I'm the boss where I work and everyone knows I'm hardcore.....they always want to see the battle wounds. The best was the time I crashed on my commute to work (10miles of mostly sweet single track) I walked in all covered in dust and blood.....no one missed a beat they just looked at me and said did you fall?......nice!


----------



## drtgirl (Jan 8, 2008)

I work in the outdoor industry so injuries and bruises are pretty common here. I think the stares and comments are kinda funny. Last year I did an adventure race where my legs were scraped to a pulp by wild raspberry bushes and then I got a case of poison oak on top of that. It was in the middle of summer and hot so i wore shorts around...the look were priceless. Oh well.


----------



## tiffanyinanthem (Dec 17, 2007)

*urgh*



PennyRich said:


> I took up mtb'ing after splitting from my (abusive) husband. For the first few months I would be bruised and/or limping after every ride. I limped in one Monday morning and one of the morons I work with told me he couldn't see the difference between getting knocked around by my husband and what I was doing now! Ignorant Jerk!!


Oh yeah what a tool!


----------



## oldpro (Mar 2, 2005)

I too have lived with comments like that for years. My Mom (best friend) drives me crazy with comments like 'Oh honey, will all those scabs across your face leave a scar? You have so many, and on your LEGS too.' Perhaps, we all should tattoo our scars with dates and locations? It would be a help for me as I am loosing track of what and when. You'd never know by looking at my badges that I am actually a rather skilled rider. Stuff happens-parts sometimes break at inopportune moments, depressed animals attempt suicide with your front wheel, riders fall in front of you, and my favorite are day dreams happen (very dangerous). Well I had better update my Life Flight insurance. Don't let those folks get to you- otherwise everyone would be crazy like us.


----------



## grungePoodle (Jul 3, 2007)

I love this thread.

I had a boss ask me (when I came in with a new cast on my hand)...'Well I guess that's the end of your biking, it's about time. Aren't you getting a little old for that?" (I was 39 at the time). Whatever.
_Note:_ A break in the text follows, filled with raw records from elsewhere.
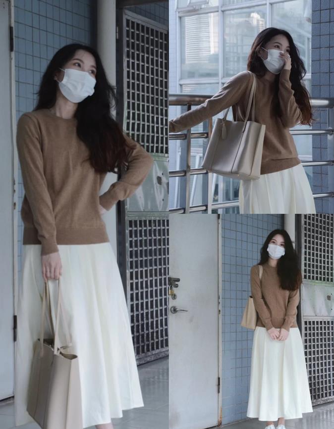 咖色系真的是永遠都穿不膩的顏色,特別是在秋冬季節,這個色調就很顯氣質和百搭,咖色針織毛衣+白色半身長裙,這一套氛圍感直接拉滿呢,溫柔又簡單,不管是約會,還是逛街都合適。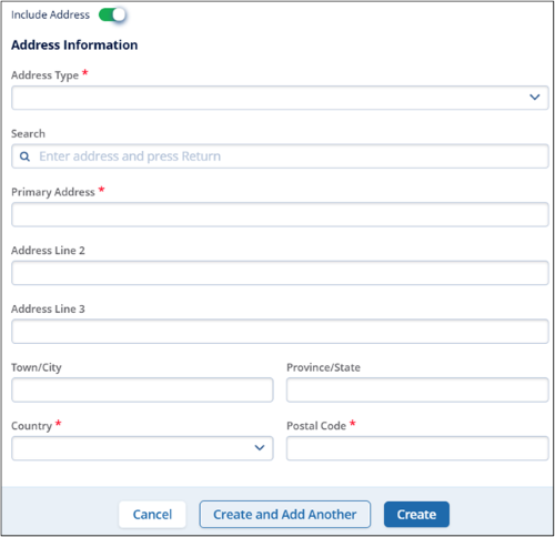 - Toggle the switch to include an address and enter the mandatory details into the respective fields.
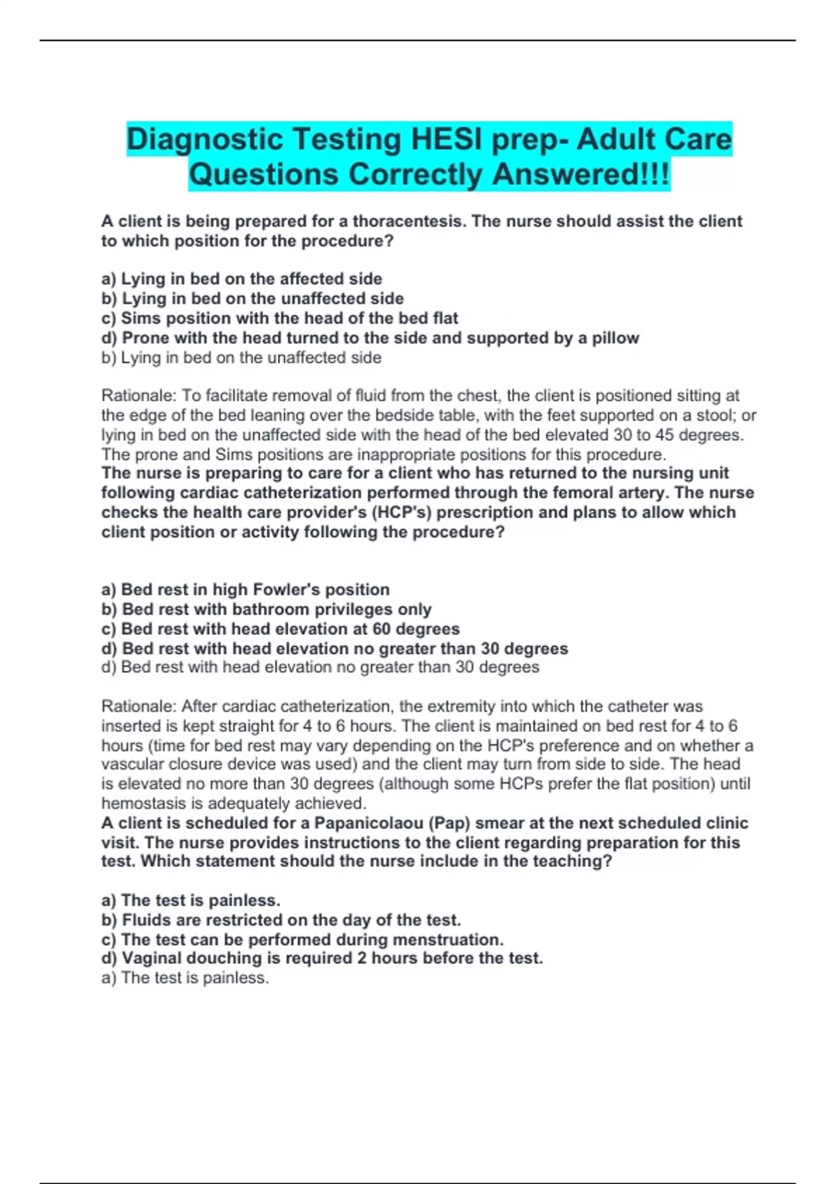 A client is scheduled for a Papanicolaou (Pap) smear at the next scheduled clinic

Since then, I've had two more surgeries and started racing again. I feel awesome at 41 and roll my eyes at people that question my sport. But nowadays, most everybody I am around are bikers or athletes...they totally understand.

I think what bugs me more is when women say to me, "Oh I am too old to do stuff like that." I tell them I am OLDER than they are (and have two kids) and then they realize they have no excuse.


----------



## oldpro (Mar 2, 2005)

BINGO- I think that you hit the nail on the head!!! Their excuse is gone.

Has anyone ever posted a thread about sending in images of our favorite scars?


----------



## womble (Sep 8, 2006)

(A guy chiming in here)

I once witnessed a most amusing friendly scar-bragging competition between three women. They compared scars from mountain biking, rockclimbing, water skiing and field hockey and sport-induced surgery. They had a really impressive collection between. This was part of a big rockclimbing group, and all of the guys were impressed more than anything else.

On the other hand, I've recently started collecting biking scars, and I don't like 'em. They're just too big and messy. Climbing scars just have a nicer aesthetic to 'em


----------



## brownieinSC (Apr 19, 2004)

I think after about a year of my husband and I riding our families just kind of accepted it. When they see a bad bruise or big scabs they kind of look at each other but don't say anything to us. I remember (vaguely) being in the hospital after my concussion. It scared my husband so bad he said that was it for me and mountain biking. We were out riding again two weeks later. He had his own hospital trip about six months ago that included 15-20 stitches in his face. 
People I work with do shake their heads sometimes but I can't remember someone saying something that really pissed me off.


----------



## screampint (Dec 10, 2001)

grungePoodle said:


> I tell them I am OLDER than they are (and have two kids) and then they realize they have no excuse.


Yep, that usually shuts them up. I get a lot of that at the kids' schools, on occasion I have been thought to be my son's stepmother, after all, I can't be old enough to be his mom.

Another excuse is the time thing ("Oh, I don't have the time, I'm a mom). Heck, if owning a small retail business, a bike festival, a wholesale company, and running my own practice (not to mention being a mom) isn't time consuming, what is?

I definitely get that "you're a mutant" look from people who just don't get it. After 15 years of mountainbiking and 7 years of rock climbing prior to that, I really don't worry about it anymore.


----------



## Muff (Apr 1, 2007)

Well ladies, I look at it this way.... I can beat most of the guys I ride withrft: and can still stomp women half my age (that's when experience comes into play) :cornut:. So, I'll just keep biking and ladies- keep kickin' major BUTT- 'nuff said:yesnod:


----------



## stingray_coach (Jun 27, 2006)

Muff said:


> Well ladies, I look at it this way.... I can beat most of the guys I ride withrft: and can still stomp women half my age (that's when experience comes into play) :cornut:. So, I'll just keep biking and ladies- keep kickin' major BUTT- 'nuff said:yesnod:


Women are such braggers ; )


----------



## Muff (Apr 1, 2007)

stingray_coach said:


> Women are such braggers ; )


:cornut: :rockon:


----------



## antonio (Jan 18, 2005)

Nice thread.

If it weren’t for a lady on a mountain bike, I don’t think I would have ever found the sport.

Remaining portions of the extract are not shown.